Modification to the process
For this to succeed, some modifications to the whole process have been put in place:
- now that we release every 4 hours, it means we need a production-like team always looking at the results. That was put in place with the ~ubuntu-unity team, and the schedule is publically available here.
- the consequence is that we have no more "stack ownership", everyone in the team is responsible for the whole set now.
- it means as well that upstream now have a window of 4 hours before the "tick" (look at the cross on the schedule) to push stuff in different trunks in a coherence piece rather than once a day, before 00 UTC. It's the natural pressure between speed versus safety for big transitions.
- better communication and tracking were needed (especially as the production is looked after by different people along the day). We needed as well to ensure everything is available for upstreams to know where their code is, what bugs affects them and so on… So now, everytime there is an issue, a bug is opened, upstream is pinged about it and we write about those on that tab. We escalate after 3 days if nothing is fixed by then.
- we will reduce as much as possible "manual on demand rebuild" as the next run will fix it.
Also, I wanted that to not become a burden for our team, so some technical changes have been put in place:
- not relying anymore on the jenkins lock system as the workflow is way more complex than what jenkins can handle itself.
- possible to publish the previous run until the new stack started to build (but still possible even if the stack started to wait).

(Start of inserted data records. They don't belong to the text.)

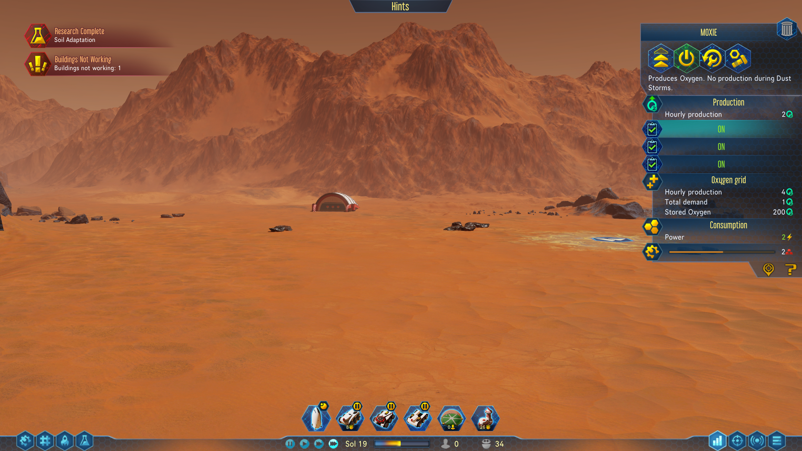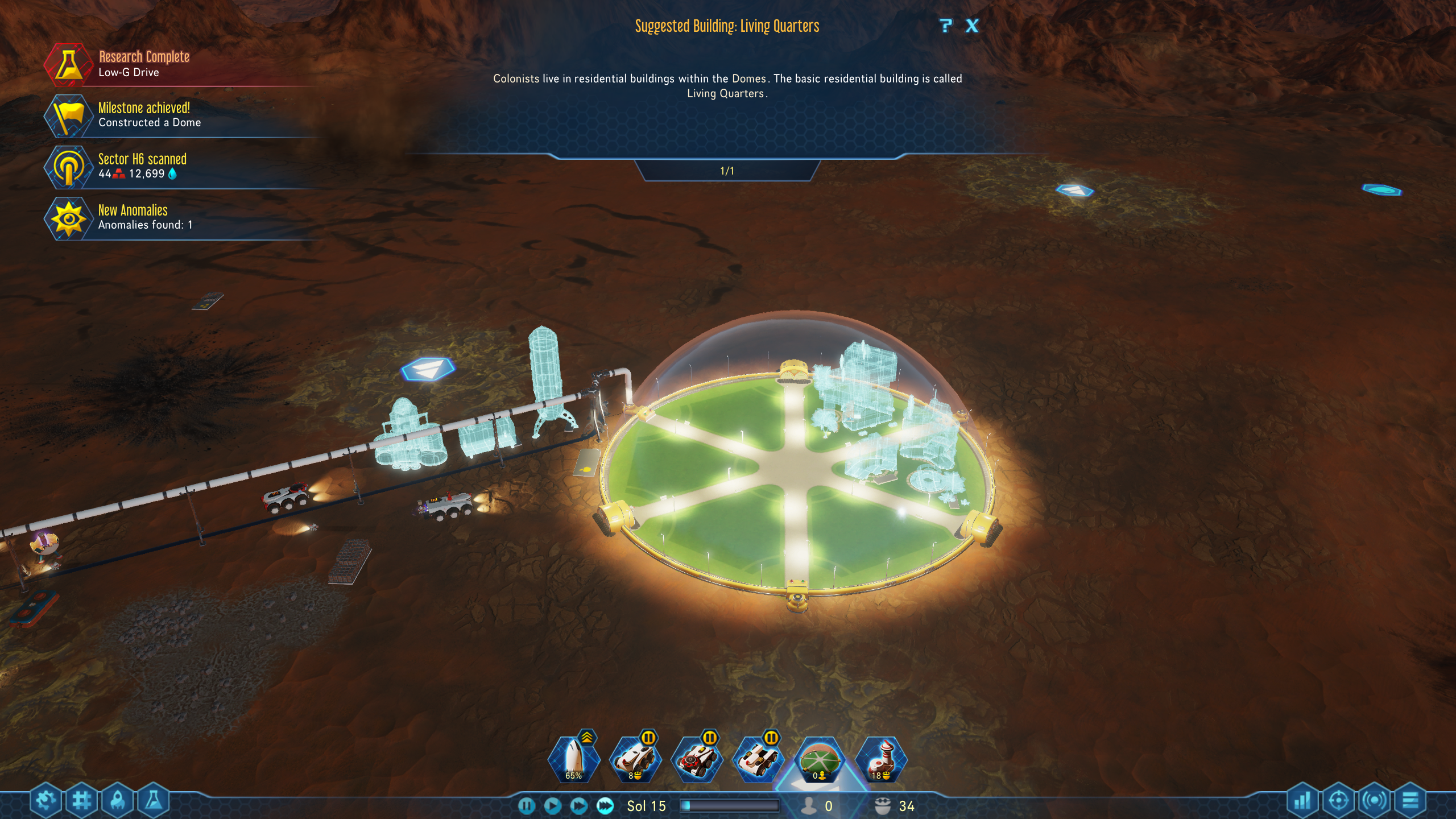 From here on out, it is a resources management game - making sure you have enough gathered, built, or sent from Earth in order to expand your base, build factories and keep up with demands for water and oxygen. Eventually you can mine rare metals to either use to build electronics or to earn money by exporting them back to Earth. You can build ever larger domes, populating them with more colonists, other building types and decorations. At times you will have random mysteries to discover, adding further depth to the game.
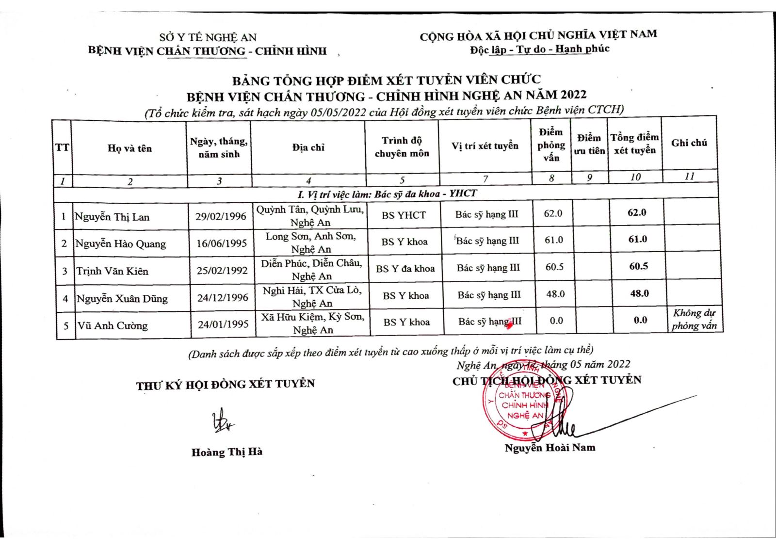 Bệnh viện Chấn thương - Chỉnh hình Nghệ An thông báo bảng tổng hợp điểm xét tuyển viên chức năm 2022 như sau:
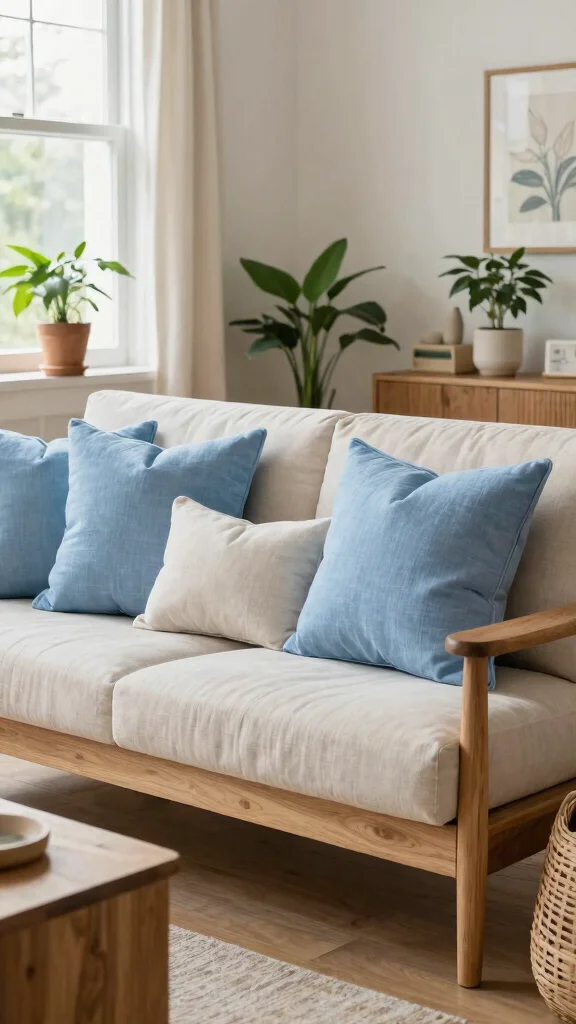 Think in layers and textures. Start with a sofa in white or cream, add 2-3 light blue throw pillows in different textures (linen, cotton, weave). Mix sizes: 18×18, 20×20, and a lumbar pillow for variation. Introduce blue accent pillows with a subtle pattern to keep the look lively. Place pillows in a gentle diagonal along the sofa and add a woven throw or driftwood-inspired accents to lean into the coastal vibe. Alternate with a couple of decorative cushions in solid blues or light patterns to maintain balance. Quick tip: rotate covers seasonally to refresh the room without buying new pieces.
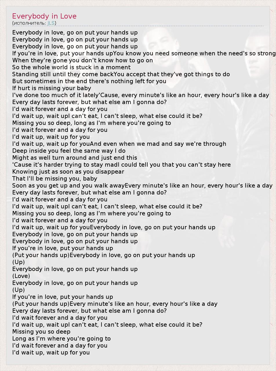 I'd wait up, wait up for youEverybody in love, go on put your hands up
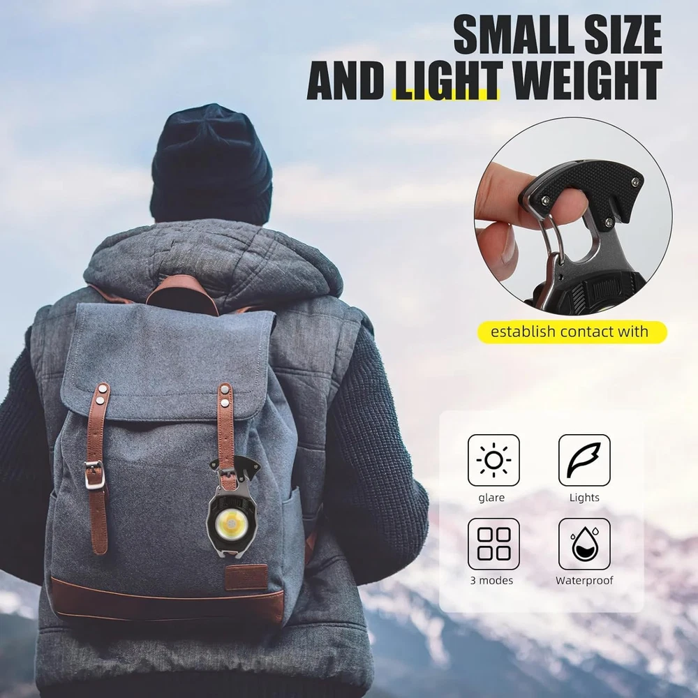 【High Lumen Flashlight】: This keychain edc flashlight adopts advanced COB technology LED chip, which has strong penetrating power, it can emit 1000 high lumen bright floodlight, we can walk easily on the dark road. Mini flashlight is made of high-quality aluminum alloy material, IPX6 waterproof, durable, impact-resistant, not easy to rust and break, we can use it for a long time 【3 light source lighting】: magnetic flashlight Portable pocket light has 3 light source lighting (COB red light, COB white light, COB yellow light), we can adjust multiple gears according to needs. It can easily switch the light mode with the push of a button, which is very convenient for us to use. The LED flashlight has red light and red strobe mode, it can provide warning lighting when camping, foggy or emergency 【Multifunctional Mini Flashlight】: emergency flashlight has two types of screwdrivers (Phillips, Slotted), which can be used at any time, and it can easily solve field repair problems. The seat belt cutter can be used to cut off the seat belt in an emergency. The rechargeable flashlight has a back selection bracket, which can freely adjust the angle by 180°. Cigarette lighting function on the back, it is safe and not hot 【USB Rechargeable】: This COB keychain work light has a built-in large-capacity rechargeable battery, it can be charged through the type C port, and the running time is 2-3 hours. The blue light flashes when charging, and the blue light stays on when fully charged. The small flashlight has an aluminum alloy bottle opener and a hidden whistle port, which makes our outdoor camping more convenient 【 Multi purpose 】: The mini LED flashlight has a sturdy adsorption base that can be connected to any metal, allowing us to perfectly free our hands. This flashlight features a spring lock design that can be easily secured to a key or bag, allowing us to use it anytime and anywhere in emergency situations. This keychain flashlight is small and lightweight, suitable for camping, dog walking, fishing, hiking, and searching

- if a stack B is blocked on stack A because A is in manual publishing mode (packaging changes for instance), forcing the publication of A will try to republish B if it was tested against this version of A. (also, having that scaling up and cascading as needed). So less manual publication needed and push button work \o/
- Some additional "force rebuild mode" which can retrigger automatically some components to rebuild if we know that it's building against a component which doesn't ensure any ABI stability (but only rebuild if that component was renewed).
- ensure as well that we can't deadlock in jenkins (having hundreds of jobs running every 4h).
- the dependency and order between stacks are not relying anymore on any scheduling, it's all computed and ordered properly now (thanks Jean-Baptiste to have help on the last two items).
Final words
Since the beginning of the week, in addition to seeing way more speed up for delivering work to the baseline, we also have seen the side benefit that if everybody is looking at the issues more regularly, there are less coordination work to do and each tick is less work in the end. Now, I'm counting on the ~ubuntu-unity team to keep that up and looking at the production throughout the day. Thanks guys! :)
I always keep in mind the motto “when something is hard, let’s do it more often”. I think we apply that one quite well. :)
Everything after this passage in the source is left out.